No, it was not a time-capsule replay of the coup in Chile of Sept. 11, 1973, when Pinochet ordered the bombing of the president, Salavador Allende, in La Moneda. But it could have been. Which is one of the reasons why in June of last year Chávez installed anti-aircraft weapons around Miraflores, cut the military budget by 25% and put the money to social programs.

“But the The Gang is still agitating for a takeover.”

And using the power of the media, which is what they used to bring things to a boil in the first place. The irony of Charley Shapiro orchestrating a Free Speech event to ridicule Chávez last week in the US ambassador’s residence in Caracas is the enormous power of the media in Venezuela. Lots of money from Gustavo Cisneros, fishing buddy of Daddy Warbucks Bush, is behind the media. Despite his crying “poormouth” that he doesn’t have enough money to send Miss Venzuela to compete for the Miss Universe crown.
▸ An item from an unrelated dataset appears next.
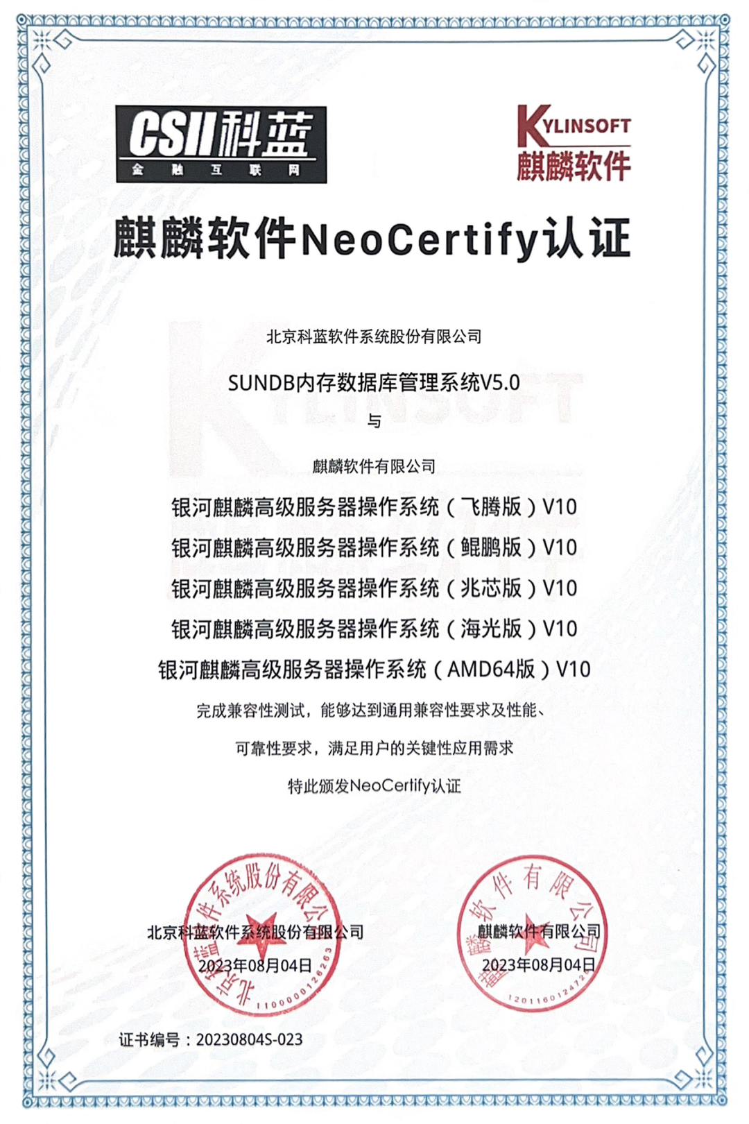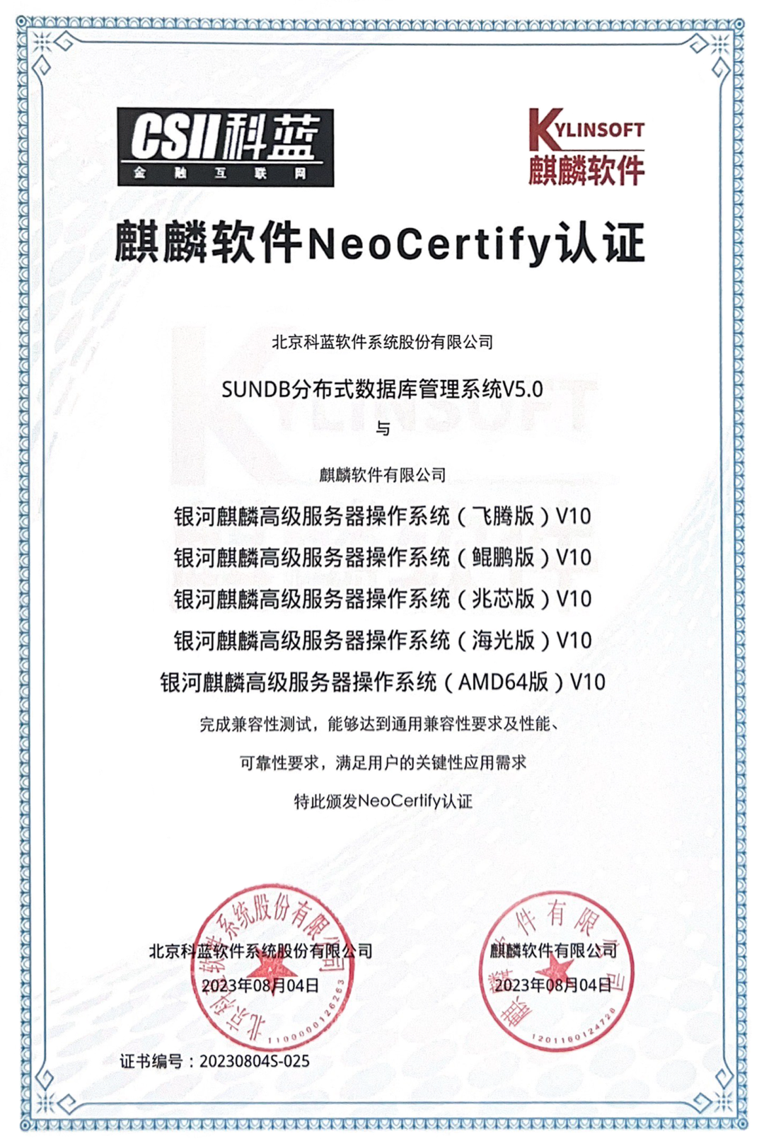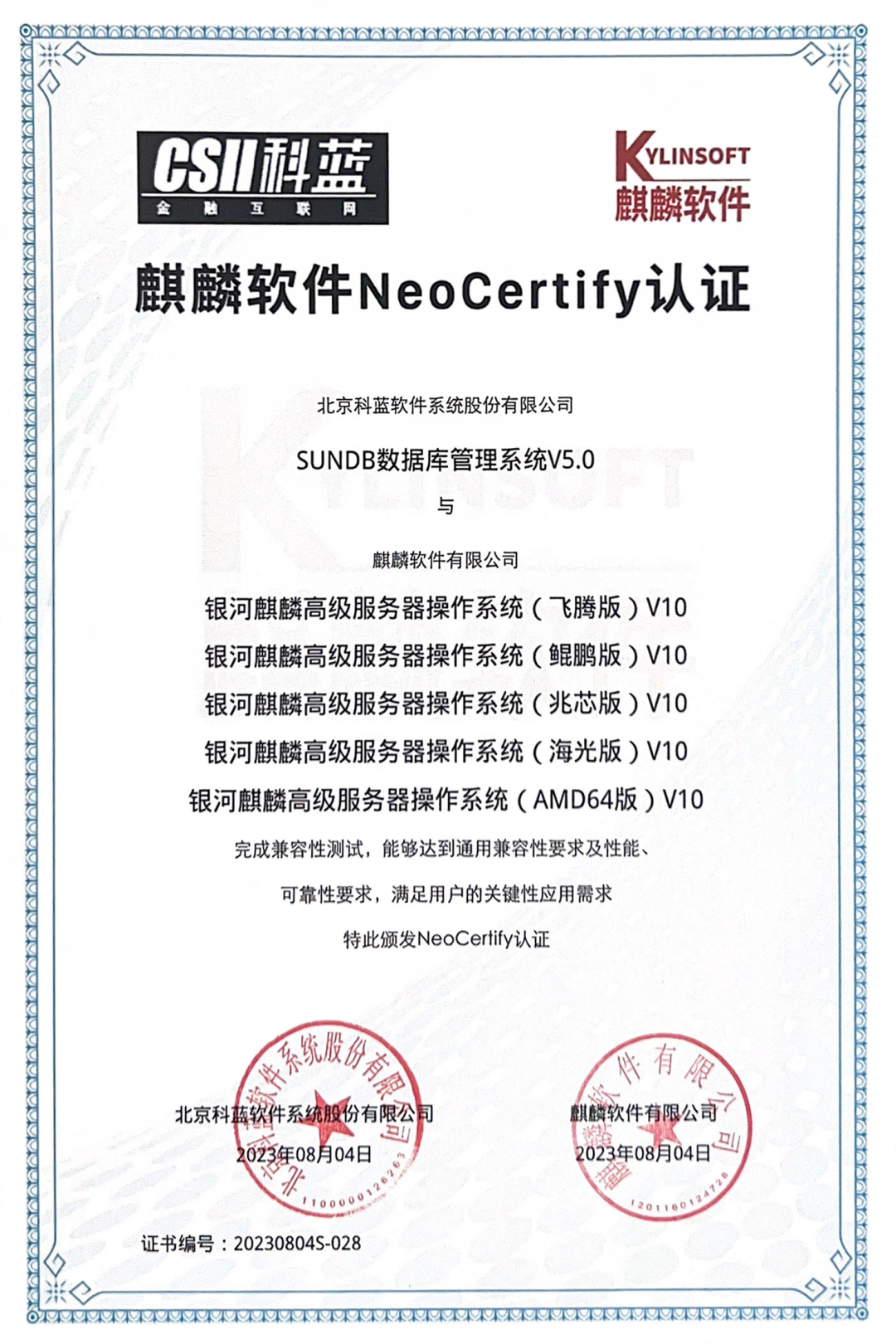 北京科蓝软件系统股份有限公司与麒麟软件有限公司完成产品互兼容适配认证。通过共同测试,科蓝软件SUNDB数据库管理系统V5.0、SUNDB分布式数据库管理系统V5.0、SUNDB内存数据库管理系统V5.0与银河麒麟高级服务器操作系统(飞腾版、鲲鹏版、兆芯版、海光版、AMD64版)V10能够达到通用兼容性要求及性能、可靠性要求,满足用户的关键性应用需求。

“What!? I thought Venezuela was a veritable factory for beauty queens.”

That’s the point, Rave. To make folks think that Chávez’ monetary controls are unpatriotic because they are stopping poor little Miss Venezuela from displaying the wonders of silcone in a swim suit.

“Quite a complicated situation, ain’t it? Now it’s a cultural war they’re bringing to a boil. Seems like a good moment to feel nostalgia for the good old days of The Cold War.”

Well, Venezuelan intellectual Luis Britto called this The Hot Cultural War, so I guess you are right on target, Rave.

“I would be if I were ready to bomb Miraflores. With money from the National Endowment for Democracy crammed in my tiny pockets. But I wouldn’t like to see Chávez test his anti-aircarft weaponry on my very elegant and excruciatingly expensive War on Iraq army surplus toilet seats. Especially the pink ones.”

Jesus, Rave, you’re a one-note samba.

“No way, José. I am your friendly Rantin’ Raven Rock ‘n’ Roller—from way back in the days of The Cold War, baby.”

Raven boogies his way to the sink with his coffee cup.